6. Neuf ans plus tard, elle se rend à l’Ecole de Freud à Vienne. Rilke reprend l’écriture de ses Elégies et lui confie : au lieu de me pénétrer, les impressions me percent. Des traces perceptives archaïques non symbolisées l’agressent, le traversent comme en son absence. En-deçà de toute différenciation entre psyché et soma, espace interne et externe, elles se réactualisent en une hallucination : sa vie est déjà hors de lui (…) passée dans l’amandier en pleine floraison. Il s’identifie à un déchet en travers de la route et lui déclare : Tu es le seul lien qui me rattache au monde humain, en toi seule il est tourné vers moi, me devine, me transmet son souffle. Ewald Tragy ne demandait-il pas déjà une mise en forme ? Que là où est du ça, du moi puisse advenir ? Comme créateur, Rilke peut à présent scénariser ses perceptions mais, comme homme, il s’éloigne de ses agonies primitives sans les relier à des fragments d’histoire, les laissant non intégrées. Lou ajuste sa posture à la sienne comme dans une chorégraphie première : quand je lis (…) ce qui, même dans le contact le plus personnel et le plus intense, reste sans substance et sans voix, – alors, oui, je t’ai auprès de moi. J’ai cette expérience de vie absolument originale que tu es (…) mais de mon côté comment t’assurer de cette proximité indicible ? Elle lui parle alors d’elle pour créer un effet de rencontre et de décentration. Afin que Rilke ne reste pas replié sur la mort en lui, elle lui partage que sa mère vient de mourir, ce qu’à Vienne elle n’a dit à personne. Par le biais de l’associativité dans le transfert, elle requiert sa disponibilité pour un toucher de peau psychique à peau psychique, capable défaire les « plis » figés qui le tiennent prisonnier.
Elle lui avoue aussi le piège du surplomb qui la guette : pour ma part, je connais le risque que la joie de vivre subjective projette involontairement son image sur ce qui lui fait face. Elle n’est pas indemne d’une tache aveugle mais perçoit la prégnance de l’obscurité du narcissisme primaire. Laisse Tout advenir : Beauté et Horreur.

Par nécessité créatrice et avec confiance, le poète choisit de faire un retour sur lui-même. Il convoque l’ange et va à la rencontre de ses monstres : c’est nous les véritables réveilleurs de nos monstres auxquels nous ne sommes pas assez opposés pour devenir leurs vainqueurs. Comme l’art, l’analyse nous fait quitter les rives stables pour plonger dans l’obscurité où germe le fruit et vivre des transformations-différenciations silencieuses, sans pouvoir nous rappeler l’instant même où se faisait cette inconcevable réconciliation (pont à peine courbé qui relie le terrible au tendre !…).

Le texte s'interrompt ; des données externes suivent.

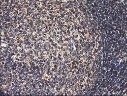 - Immunohistochemical staining of paraffin-embedded human lymphoma tissue using anti-HMOX2 mouse monoclonal antibody. (Heat-induced epitope retrieval by 10mM citric buffer, pH6.0, 100°C for 10min, TA503822)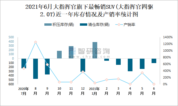 2021年6月大指揮官旗下最暢銷SUV(大指揮官四驅(qū)2.0T)近一年庫(kù)存情況及產(chǎn)銷率統(tǒng)計(jì)圖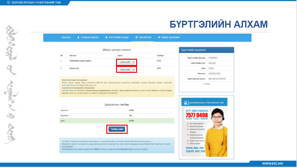 Засгийн газраас гаргасан шийдвэрийн дагуу 2021 оны 04 дүгээр сарын 10-наас 04-р сарын 25-ны өдөр хүртэл хатуу хөл хорио тогтоох болсонтой холбогдуулан Элсэлтийн ерөнхий шалгалтын... Дэлгэрэнгүй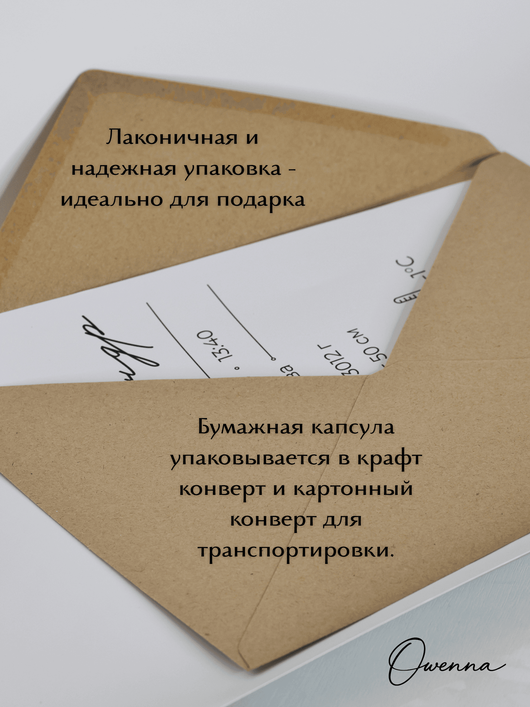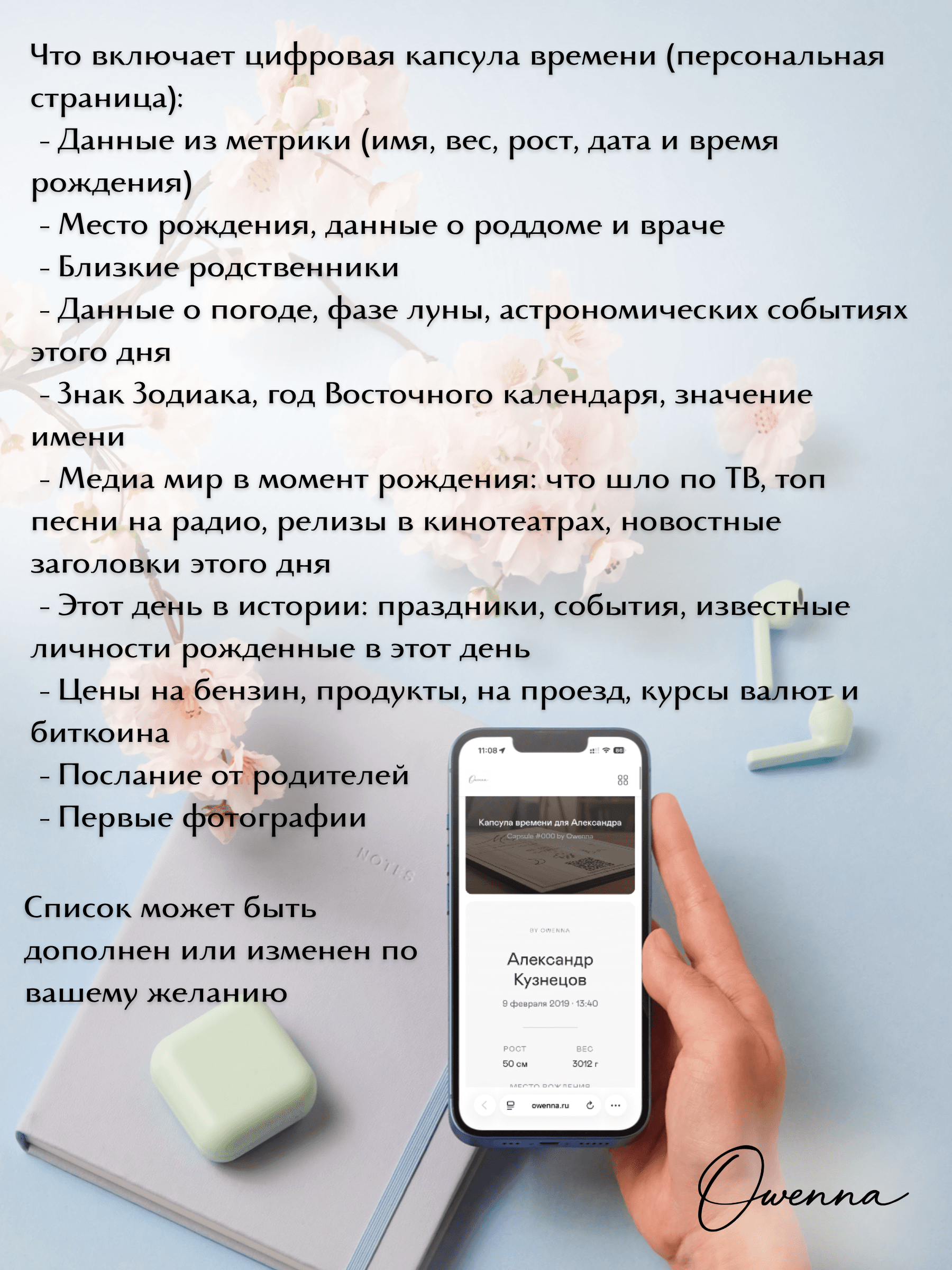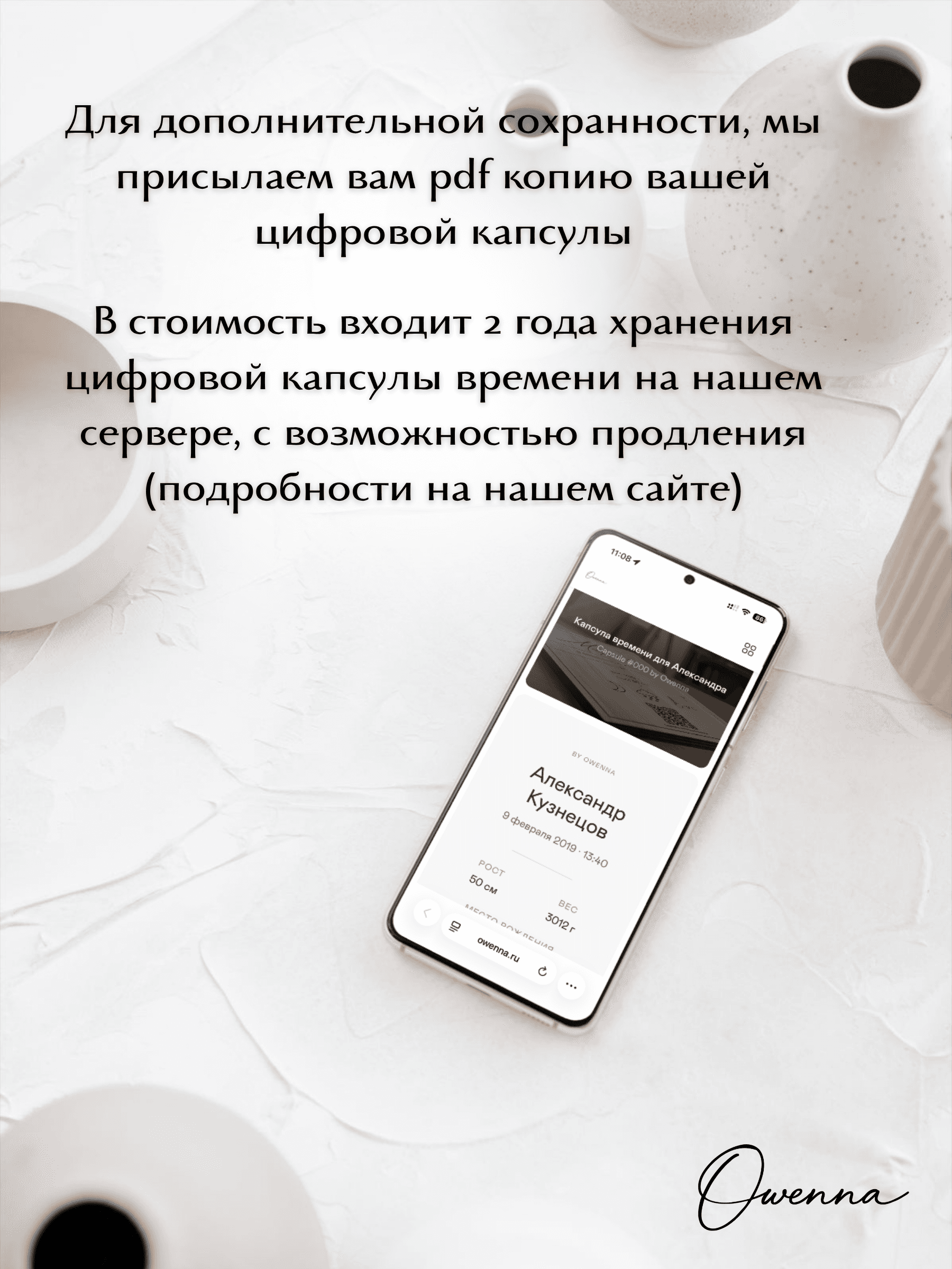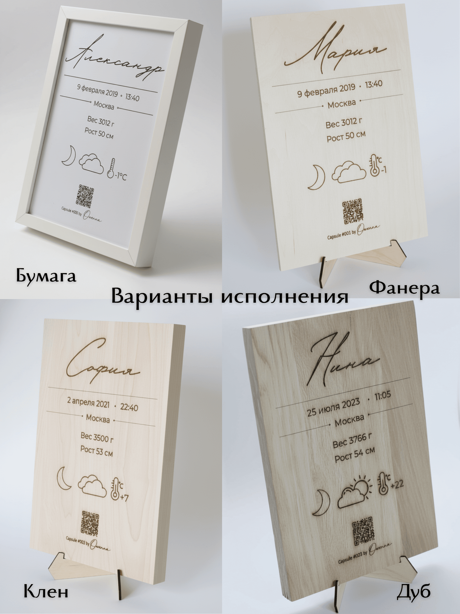 Owenna — это капсула времени о рождении вашего малыша. Персонализированное изделие, метрика с QR-кодом, ведущим на цифровую страницу с историей первых мгновений жизни: датой рождения, местом, фотографиями, погодой, тёплым семейным посланием и многим другим В комплекте — архивная PDF-копия и 2 года хранения цифровой капсулы. Что входит: • изделие с индивидуальной метрикой • QR-код на цифровую капсулу • персональная онлайн-страница малыша • PDF-архив капсулы для личного хранения • 2 года хранения цифровой версии Капсула Owenna — это трогательный подарок на рождение, выписку или первые дни жизни малыша. Выберите подходящий материал изготовления капсулы: бумага, фанера, дерево.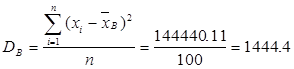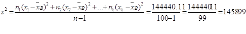 2.5 Определение моды Модой называют варианту с наибольшей частотой повторений. Из таблицы 2 находим, что наибольшую частоту n =3имеют варианты x = -731, x = -703,x = -701,x = -700,x = -697, x = -689,x = -686, x = -681, x = -667. 2.6 Определение медианы Если количество вариант число четное, то медиана вычисляется по формуле: МВ =( xk + xk +1 )/2 (2.5.) где xk – пятидесятый член вариационного ряда; x k+1 – пятьдесят первый член вариационного ряда; n – Количество вариант и n =2* k МВ =( xk + xk +1 )/2=(-689–689)/2= -689 2.7 Расчет коэффициента вариации Расчет коэффициента вариации проведем по формуле: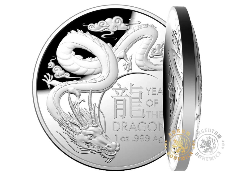 Tato jedinečná mince ve tvaru kopule je pátým vydáním nové lunární série Královské australské mincovny a byla ražena z jedné unce 99,9% stříbra. Stříbrná mince je věnována roku draka v roce 2024 a je limitována pouze 7 500 kusy po celém světě. Motivem mince je drak obklopený příznivými mraky, symbolem štěstí a štěstí. Kromě toho je na minci vyražen nápis „YEAR OF THE DRAGON“ (Rok draka), čínský znak pro „draka“ a hmotnost a ryzost. Na rubové straně je vyobrazeno lunární kalendářové kolo se všemi 12 zvířaty, portrét královny Alžběty II. od Jody Clarka doplněný daty její vlády, nominální hodnotou a rokem vydání.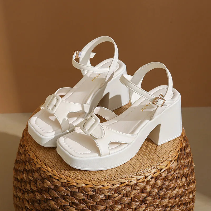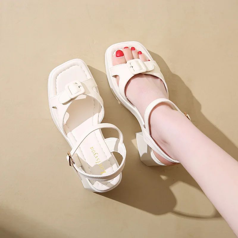 Purpdrank Large Size Buckle Female Sandal Comfort Shoes for Women Clogs With Heel 2025 Summer Big Girls Beige Low Thick Block Strap New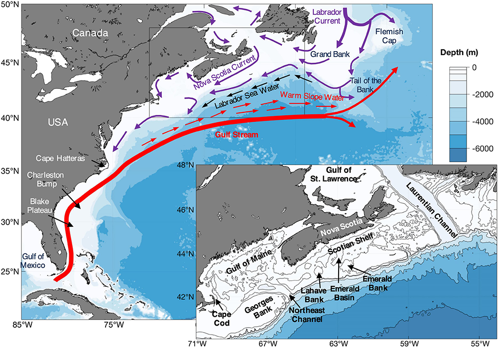 The physical oceanography of this region is very well studied, which allows for a detailed understanding of the conditions governing dispersal and distributions and enhanced interpretation of connectivity models. Two major current and water mass systems dominate the area occupied by V. pourtalesii: the fast moving Gulf Stream with its associated Warm Slope Water, and the continental-shelf waters from the Gulf of St. Lawrence to Cape Hatteras (Figure 2). The Gulf Stream exits from the Gulf of Mexico, transporting very warm, saline water and flows very swiftly along the shelf break, northwards to Cape Hatteras, North Carolina, where it breaks away from the continent, thereafter heading northeast and east to pass south of Grand Bank (Rossby et al., 1985). Before reaching Cape Hatteras, the Gulf Stream flows over the Blake Plateau, which projects from the continental slope at depths of approximately 700 m. At the northern end of the Blake Plateau, the Charleston Bump rises to about 375 m depth, deflecting the Gulf Stream, intensifying bottom currents and causing downstream eddy formation, mixing and upwelling (Popenoe and Manheim, 2001). The resulting Charleston Gyre becomes more prominent when the Gulf Stream is strong and transports Gulf Stream water inshore (McClain and Atkinson, 1985). Beazley et al. (2021) predicted some increase in suitable habitat for V. pourtalesii in this region in their climate projection models.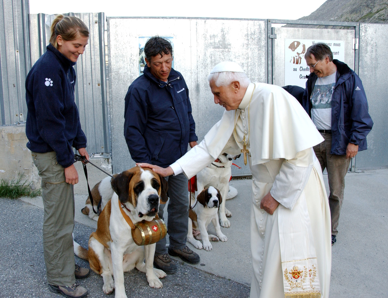 Benedicto XVI visitó también el famoso criadero de San Bernardo del hospicio. Los monjes lo habían gestionado hasta 2005, cuando fue vendido a la «Fundación Barry».

Le poète fait résonner son appel : et qui, si je criais, m’entendrait donc ? Puis cet aveu : ce qui enfin nous sauve, / c’est d’être sans abri et enfin cette jubilation d’avoir donné forme à ses visions : Songe ! J’ai pu surmonter jusque-là (…) tout ce qui était en moi fibre, tissu, bâti, a craqué, plié. Et il remet ses Elégies de Duino entre les mains de Lou Andreas-Salomé avec une gratitude sans cesse répétée : Merci ; d’avoir été là, et de façon si proche, si pleine, si confiante ! Et pour signifier la mutualité non symétrique mais réellement vécue, elle lui dit : tu m’as fait cadeau d’un morceau de vie et j’en avais besoin plus ardemment encore que tu ne l’imagines.

7. Après presque 30 ans d’appartenance mutuelle, profondément intime , Rainer Maria Rilke termine, quelques jours avant de mourir, sa dernière lettre à Lou par ces mots écrits en russe : Прошай, Дорогая моя, Adieu, ma chérie, Ton Rainer.
Elle débute sa biographie par le constat que toute relation humaine tient à la force que nous lui consacrons.